**Assignment**
Each line below that contains "extensive" should be counted. Give only the total.
--- Input data ---
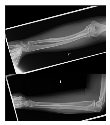
Figure 6: Radiographs of a painless ulnar fracture associated with the use of walking aids due to extensive lower limb manifestations (Case 8)

attempted reconstitution and consolidation, the surgical management centered around extensive debridement and supramaximal fixation. This was not without risk of
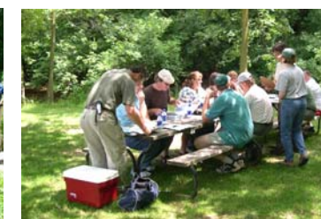
Discussion of monitoring procedures at Apple Creek during the 2004 Teacher Training Workshop
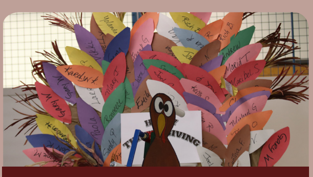
We have a lot to be thankful for at the TyRex Group!
---
**Answer to this exercise**
2